Нужна помощь в написании работы?

С наступлением 20-го века японская литература начинает проникать на Запад. Благодаря переводам западные читатели знакомятся с произведениями японских авторов. Произведения нового времени, наиболее часто читаемые на английском и других языках, включают "Кикё" ("Возвращение домой") Осараги Дзиро, "Кинкакудзи" ("Храм Золотого павильона") Мисима Юкио и "Тадэ куу муси" ("Кто-то предпочитает и крапиву") Танидзаки Дзюнъитиро.

В 1968 г. Япония обретает своего первого Нобелевского лауреата в области литературы - японскому писателю Кавабата Ясунари (1899-1972) присуждается Нобелевская премия за успехи в области литературного творчества. Кавабата широко известен за рубежом многочисленными переводами своих произведений, включая такие, как "Снежная страна", "Тысяча журавлей" и "Киото", "Стон горы" и другие. Его стиль пронизан стремлением к красоте, необычайным лиризмом и обостренной чувствительностью.

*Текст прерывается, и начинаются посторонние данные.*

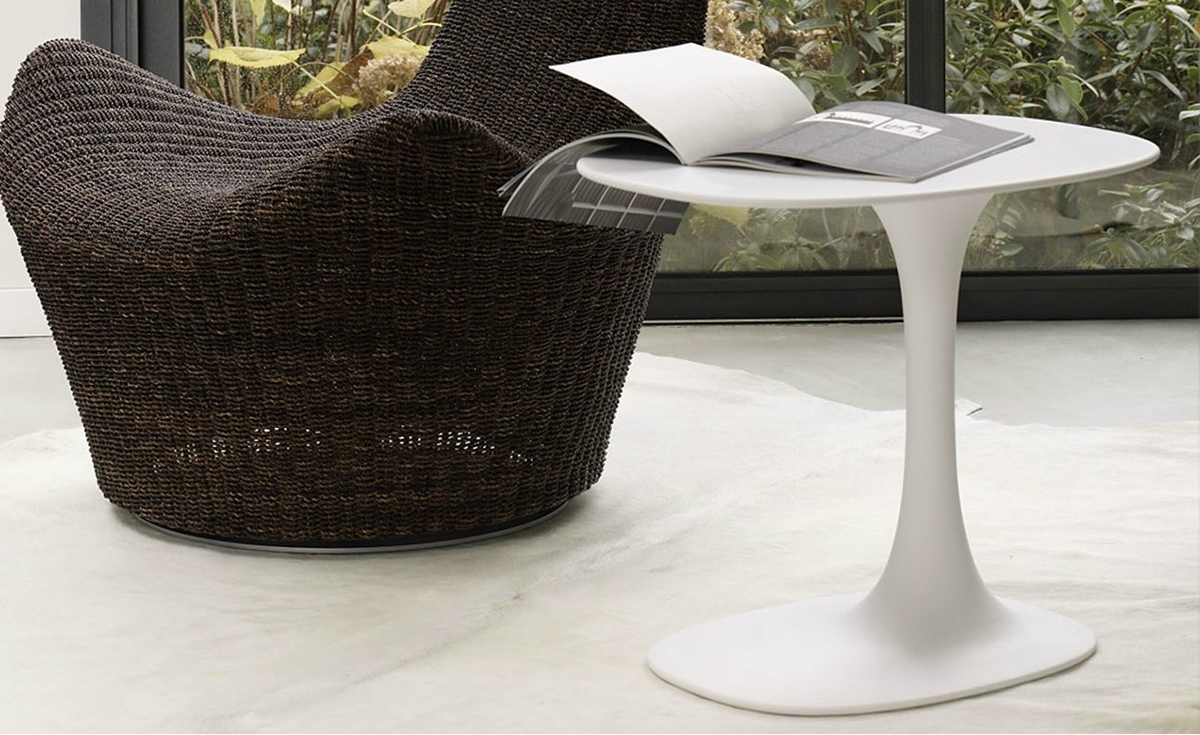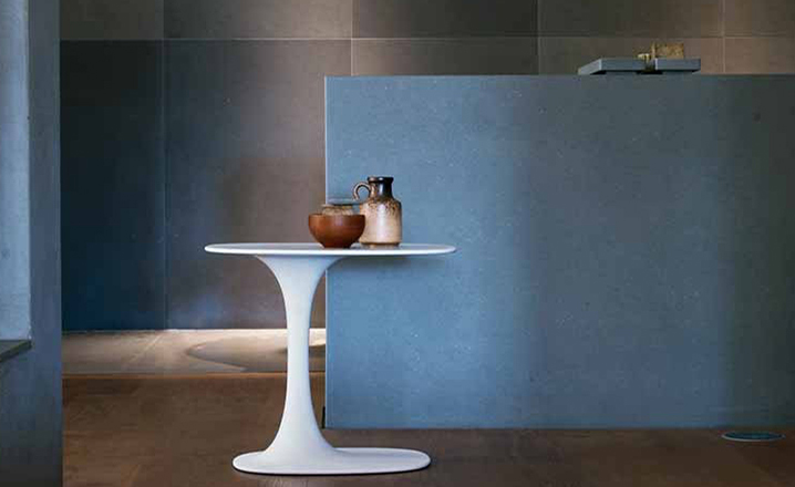 Fukasawa,优雅和严谨,他设计了一个创新的休闲桌子,可以使用到几乎任何地方,无论是客厅还是卧室。所使用的材料,白色水晶,可以创建一个大的、灵活的形状,基础和桌面是一个独特的部分。

В 1994 г. Нобелевская премия по литературе была присуждена еще одному японскому писателю - Оэ Кэндзабуро.

Во все большем количестве, отражая футуристические настроения современного урбанистического общества, начинают появляться произведения японских писателей-фантастов Абэ Кобо, Комацу Сакё, Хоси Синъити и др. Расцветает жанр детективного и психологического романа, представленного произведениями таких писателей как Мацумото Сэйтё, Фукунага Такэхико, Ватанабэ Дзюнъити.

Кобо Абэ (1924-1993) – выдающийся японский писатель, драматург и сценарист, один из лидеров японского послевоенного авангарда в искусстве. Основная тема творчества – поиск человеком собственной идентичности в современном мире.

Говоря о творчестве К. Абэ, критики находят черты модернистской литературы, часто сопоставляя при этом его романы с произведениями европейских писателей-экзистенциалистов. Основная тема творчества японского романиста – одиночество человека, его часто бесплодные поиски смысла жизни и выхода из тупика. Именно это становится основным аргументом для причисления К. Абэ к ряду модернистских писателей. Человек в изображении К. Абэ – жертва общественного устройства. Живя в многомиллионном Токио, герои К. Абэ тотально одиноки. Это одиночество тем более впечатляюще, что писатель изображает жизнь героев в огромном мегаполисе, где, казалось, невозможно скрыться от других и человек вынужден постоянно соприкасаться с людьми. Герои К. Абэ выступают носителями основного мотива произведений писателя – мотива утраты человеком связи с окружающим миром. Герои К. Абэ – это герои отчужденные, бегущие от общества. Они будут прятаться, исчезать, убегать в стремлении найти убежище от мира людей.

Романы К. Абэ – романы, безусловно, модернистские. Изображение жизни человека в современном мегаполисе позволяет К. Абэ показать крайнюю степень отчуждения человека. Герои К. Абэ часто оказываются в «пограничной» ситуации, что позволяет им увидеть прежнюю жизнь и ценности в новом свете, осознать ее ненормальность, абсурдность. Именно в этом кроется связь романов японского писателя с литературой экзистенциализма. Герой романа «Женщина в песках» пытается сопротивляться в положении вынужденной изоляции, что позволяет ему увидеть, что жители одинокой деревни – не сломленные судьбой, брошенные на произвол, люди, а люди сопротивляющиеся и, тем самым, находящие смысл в собственном существовании. Герою становится понятна причина его унылого, бессмысленного существования в городе. Он перестал (или так и не начинал) сопротивляться песку-обществу и, превратившись, как и миллионы, людей в песчинку, следовал вслед за ним, тем самым увеличивая его силу и способность подчинять себе других.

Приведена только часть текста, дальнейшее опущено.